True content drift — the file’s hash differs from the recorded hash. Re-run tests or re-attest.

The hollow-circle case replaces a noisy false-positive class: a post-clone or post-touch mtime bump no longer inflates verification state, so the badges reflect what is actually on disk.

Verification

Steps are verified three ways: 1) unit tests, 2) dependnency checks (if applicable), and 3) user attestation. These three controls are displayed in each Step’s expanded view.

The Unit Tests text is expandable to show detailed information about the step’s unit tests, including generating and running them. Three categories of unit tests exist:

  1. Integrity tests (test_integrity.py) — output files exist, are non-empty, load in their expected format, have the correct shape, and contain no NaN or infinity values.

  2. Qualitative tests (test_qualitative.py) — column names, JSON keys, parameter names, and other categorical content match expectations.

  3. Quantitative tests (test_quantitative.py plus quantitative_standards.json) — numerical output values match stored benchmarks at full double precision, with configurable relative and absolute tolerances.

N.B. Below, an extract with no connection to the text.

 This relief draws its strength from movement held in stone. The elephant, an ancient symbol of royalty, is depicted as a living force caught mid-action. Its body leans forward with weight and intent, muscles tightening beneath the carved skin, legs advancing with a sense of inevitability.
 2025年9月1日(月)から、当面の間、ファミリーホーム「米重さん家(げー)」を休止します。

Test generation is deterministic by default: a Python introspection script runs inside the container, reads each data file, and writes the tests mechanically. No language model is involved on the default path. An LLM-based path is available as a fallback for formats the introspection script cannot read.

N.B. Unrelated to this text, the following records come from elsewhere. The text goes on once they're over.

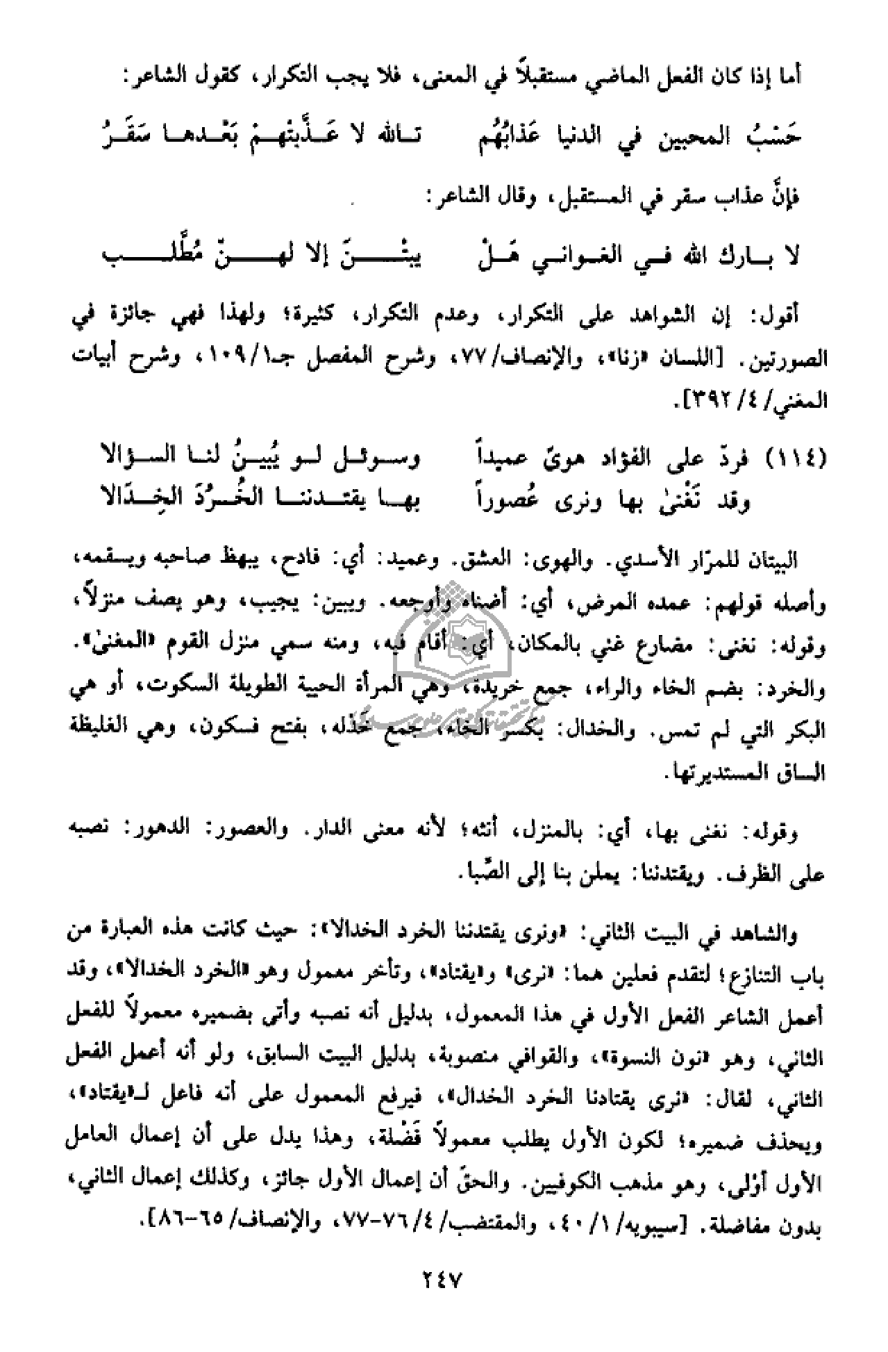 أقول: إن الشواهد على التكرار، وعدم التكرار، كثيرة؛ ولهذا فهي جائزة في الصورتين. [اللسان «زنا»، والإنصاف/ 77، وشرح المفصل ج 1/ 109، وشرح أبيات المغني/ 4/ 392].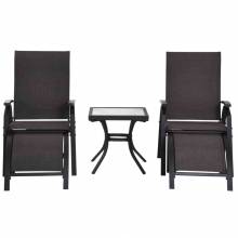 ¿Quieres sentarte cómodamente en el jardín mientras disfrutas de tu tiempo libre? Con este conjunto de 5 piezas de Outsunny puedes relajarte al aire libre durante horas. Estructura de metal recubierto en polvo y tejido de textilene transpirable muy resistente y cómodo. El respaldo es ajustable cuenta con 5 posiciones distintas para adaptarse mejor a tus necesidades. El tablero de la mesa es de vidrio templado elegante y funcional. Simplemente siéntate pon los pies en el alto y relajate.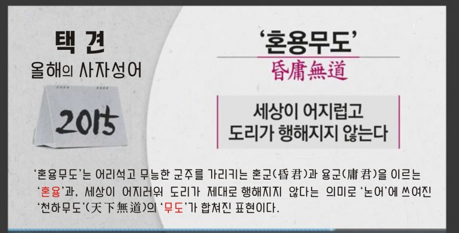 2015년 올해 선정 된 사자성어 입니다.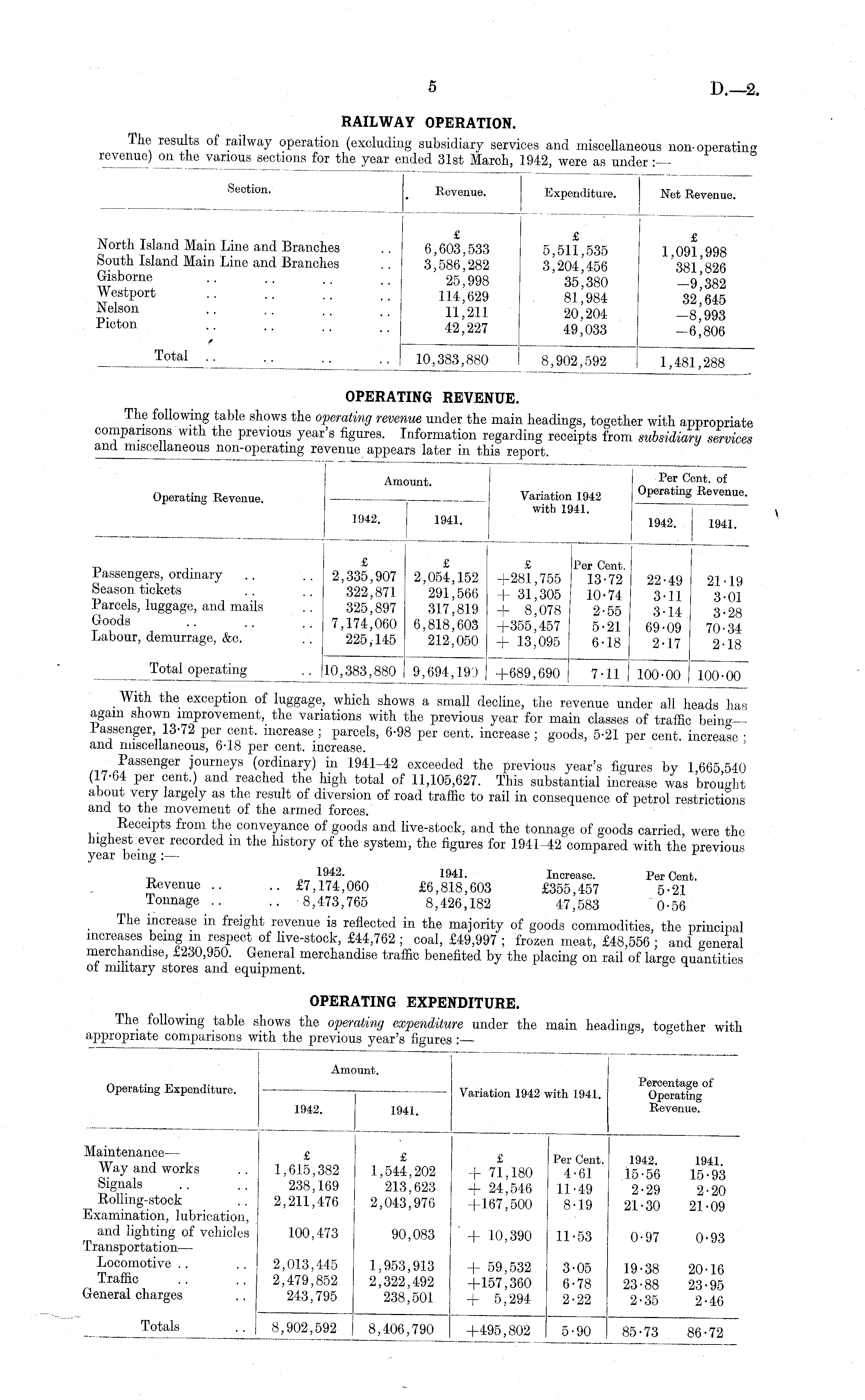 RAILWAY OPERATION. lhe results of railway operation (excluding subsidiary services and miscellaneous non-operating revenue) on the various sections for the year ended 31st March, 1942, were as under

See Supported Data Formats for the full list of file types the test generator can read.

vaibify monitors the steps for dependency violations, such as a dependent step not being fully verified or a dependent file being created after a subsequent step was marked verified.

Finally, a button for the (human) records that user’s assessment.

Agent actions

When an AI coding agent is running inside the container (typically Claude Code, started by typing claude in the terminal), it can ask the dashboard to perform named operations on the user’s behalf. These agent actions are the bridge between the agent’s text-only world and the dashboard’s verified state. This scheme enforces deterministic behavior.

Every state-changing operation in the dashboard — running a step, generating tests, pushing to GitHub, archiving to Zenodo — is registered in a single catalog. Each action carries a stable name, the arguments it accepts, and the verification it triggers when it finishes. The agent never invents an action; it picks one from the catalog or it falls back to plain shell commands.

From inside a container terminal, you can list the available actions:

vaibify-do --list

Or describe a single action’s arguments:

vaibify-do --describe run-step

Or invoke one directly (the agent does this for you):

vaibify-do run-step A03

Step labels (A03, I01) come from the pipeline panel — labels are per-type sequential, so A03 is the third automated step and I01 is the first interactive step. The dashboard updates as the action runs; if it produces new files, the affected step’s pencil and status dot react automatically.

Why this matters

Without the catalog, an agent that wants to “run unit tests on step A03” would have to guess at HTTP endpoints or shell out blindly, and the dashboard would silently drift out of sync with what the agent actually did. The catalog makes the agent’s intentions explicit and verifiable: every action it takes is one the user could have taken through the dashboard, and every action triggers the same verification state machine.

Hub mode

The hub is a separate page from the dashboard, but you visit it every time you launch vaibify with no subcommand:

vaibify

The hub lists every container vaibify knows about on the host, with quick-launch buttons to start, stop, or open the dashboard for any of them. From here you can also create a new container (the setup wizard from the QuickStart) or add an existing project that already has a vaibify.yml.

One session per container

Each container managed by vaibify can be open in only one dashboard at a time. This prevents two browsers from issuing conflicting commands to the same container. When a session is already attached, the container appears greyed out on other hubs.

The New vaibify window icon (⧉) in the hub, the workflow picker, and the dashboard’s Admin menu launches a new vaibify session in a new browser tab — useful for working on two projects side by side.